▶ [Dataset content]:
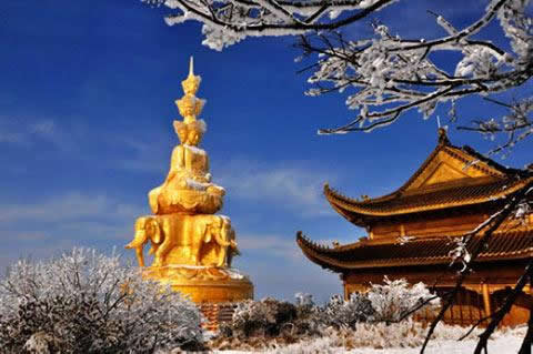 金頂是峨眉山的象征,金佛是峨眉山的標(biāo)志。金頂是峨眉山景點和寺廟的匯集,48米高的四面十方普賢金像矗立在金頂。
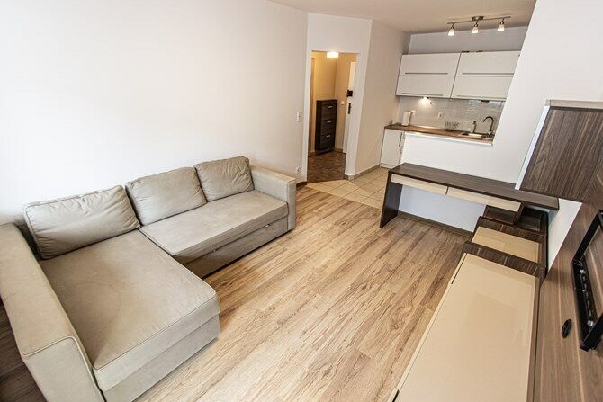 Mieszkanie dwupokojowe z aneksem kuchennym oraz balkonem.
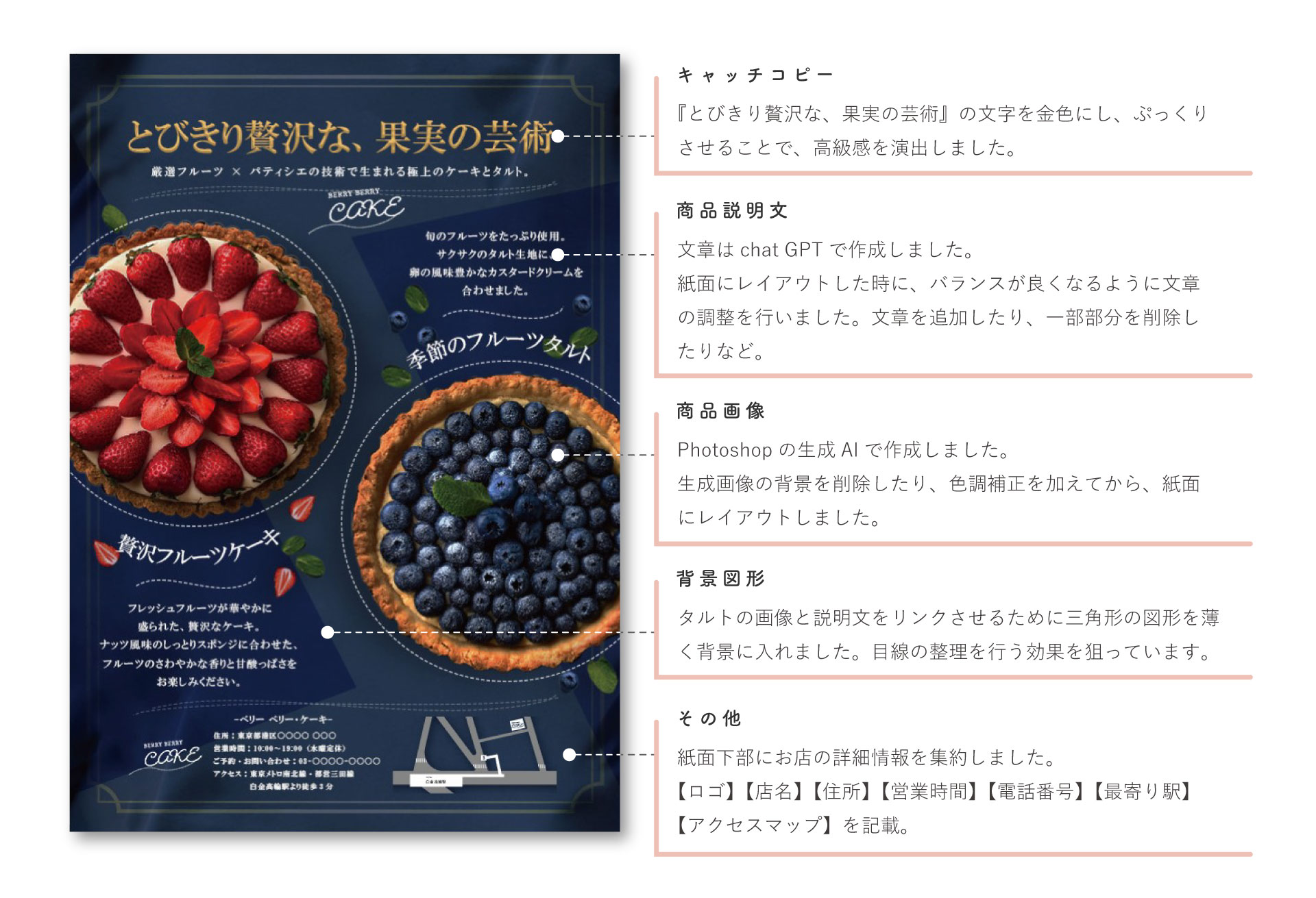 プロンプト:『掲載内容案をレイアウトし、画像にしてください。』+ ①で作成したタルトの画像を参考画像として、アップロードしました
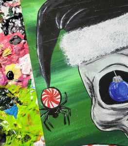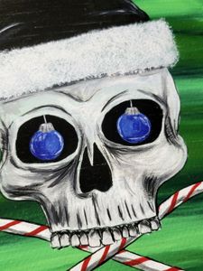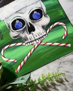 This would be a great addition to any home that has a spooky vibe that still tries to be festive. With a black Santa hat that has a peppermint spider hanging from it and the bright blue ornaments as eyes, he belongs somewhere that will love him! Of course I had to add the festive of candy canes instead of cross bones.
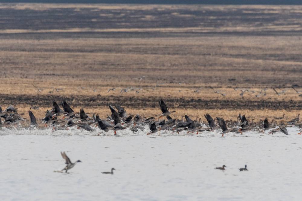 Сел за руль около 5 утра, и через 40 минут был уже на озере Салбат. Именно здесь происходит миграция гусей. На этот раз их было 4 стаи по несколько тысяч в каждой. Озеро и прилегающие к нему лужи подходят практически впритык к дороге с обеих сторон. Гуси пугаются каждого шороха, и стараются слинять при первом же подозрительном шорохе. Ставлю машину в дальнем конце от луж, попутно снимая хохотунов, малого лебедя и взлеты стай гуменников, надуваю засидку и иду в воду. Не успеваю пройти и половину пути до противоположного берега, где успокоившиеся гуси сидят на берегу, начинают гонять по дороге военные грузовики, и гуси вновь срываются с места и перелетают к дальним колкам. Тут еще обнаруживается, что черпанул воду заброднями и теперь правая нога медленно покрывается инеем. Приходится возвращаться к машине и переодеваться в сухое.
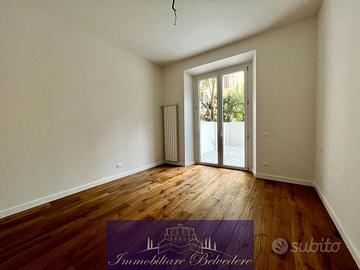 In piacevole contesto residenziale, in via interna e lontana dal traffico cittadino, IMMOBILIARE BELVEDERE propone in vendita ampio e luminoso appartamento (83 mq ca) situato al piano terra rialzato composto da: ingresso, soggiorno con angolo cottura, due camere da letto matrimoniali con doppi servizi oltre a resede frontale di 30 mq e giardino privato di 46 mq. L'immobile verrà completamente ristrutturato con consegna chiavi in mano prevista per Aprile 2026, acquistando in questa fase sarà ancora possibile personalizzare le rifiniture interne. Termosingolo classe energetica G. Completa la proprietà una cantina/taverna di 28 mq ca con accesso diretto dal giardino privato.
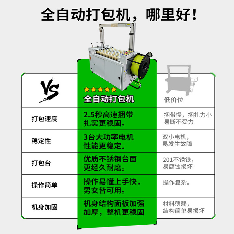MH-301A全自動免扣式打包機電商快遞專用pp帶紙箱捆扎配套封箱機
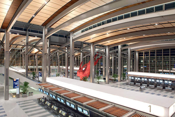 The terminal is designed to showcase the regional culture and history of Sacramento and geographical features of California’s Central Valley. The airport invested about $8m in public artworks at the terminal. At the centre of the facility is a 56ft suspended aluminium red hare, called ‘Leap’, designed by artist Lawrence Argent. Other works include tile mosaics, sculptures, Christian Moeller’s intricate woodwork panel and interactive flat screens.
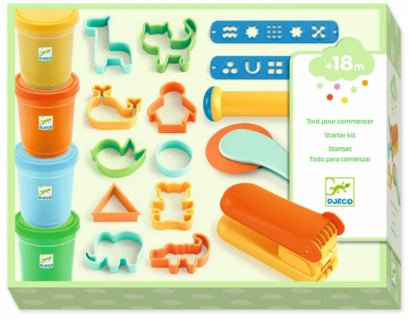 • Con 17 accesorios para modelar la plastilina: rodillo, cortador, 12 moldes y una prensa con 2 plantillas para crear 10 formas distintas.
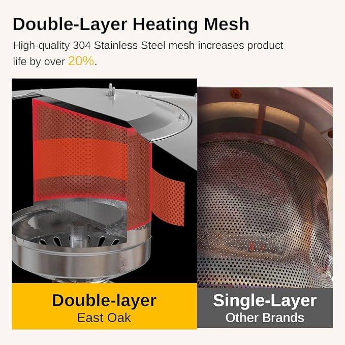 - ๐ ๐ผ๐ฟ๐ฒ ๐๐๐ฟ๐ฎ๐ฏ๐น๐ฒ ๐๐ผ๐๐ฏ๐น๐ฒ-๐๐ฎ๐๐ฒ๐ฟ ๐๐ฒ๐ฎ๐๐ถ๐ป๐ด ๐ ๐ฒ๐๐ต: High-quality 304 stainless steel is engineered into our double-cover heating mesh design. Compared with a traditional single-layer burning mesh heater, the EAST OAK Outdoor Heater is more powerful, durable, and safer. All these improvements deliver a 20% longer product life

▶ [Task prompt]:
The required output is the exact lines from the opening line of the entries through the line with "MH-301A全自動免扣式打包機電商快遞專用pp帶紙箱捆扎配套封箱機", inclusive, without pictures.

▶ [Task response]:
 金頂是峨眉山的象征,金佛是峨眉山的標(biāo)志。金頂是峨眉山景點和寺廟的匯集,48米高的四面十方普賢金像矗立在金頂。
 Mieszkanie dwupokojowe z aneksem kuchennym oraz balkonem.
 プロンプト:『掲載内容案をレイアウトし、画像にしてください。』+ ①で作成したタルトの画像を参考画像として、アップロードしました
 This would be a great addition to any home that has a spooky vibe that still tries to be festive. With a black Santa hat that has a peppermint spider hanging from it and the bright blue ornaments as eyes, he belongs somewhere that will love him! Of course I had to add the festive of candy canes instead of cross bones.
 Сел за руль около 5 утра, и через 40 минут был уже на озере Салбат. Именно здесь происходит миграция гусей. На этот раз их было 4 стаи по несколько тысяч в каждой. Озеро и прилегающие к нему лужи подходят практически впритык к дороге с обеих сторон. Гуси пугаются каждого шороха, и стараются слинять при первом же подозрительном шорохе. Ставлю машину в дальнем конце от луж, попутно снимая хохотунов, малого лебедя и взлеты стай гуменников, надуваю засидку и иду в воду. Не успеваю пройти и половину пути до противоположного берега, где успокоившиеся гуси сидят на берегу, начинают гонять по дороге военные грузовики, и гуси вновь срываются с места и перелетают к дальним колкам. Тут еще обнаруживается, что черпанул воду заброднями и теперь правая нога медленно покрывается инеем. Приходится возвращаться к машине и переодеваться в сухое.
 In piacevole contesto residenziale, in via interna e lontana dal traffico cittadino, IMMOBILIARE BELVEDERE propone in vendita ampio e luminoso appartamento (83 mq ca) situato al piano terra rialzato composto da: ingresso, soggiorno con angolo cottura, due camere da letto matrimoniali con doppi servizi oltre a resede frontale di 30 mq e giardino privato di 46 mq. L'immobile verrà completamente ristrutturato con consegna chiavi in mano prevista per Aprile 2026, acquistando in questa fase sarà ancora possibile personalizzare le rifiniture interne. Termosingolo classe energetica G. Completa la proprietà una cantina/taverna di 28 mq ca con accesso diretto dal giardino privato.
MH-301A全自動免扣式打包機電商快遞專用pp帶紙箱捆扎配套封箱機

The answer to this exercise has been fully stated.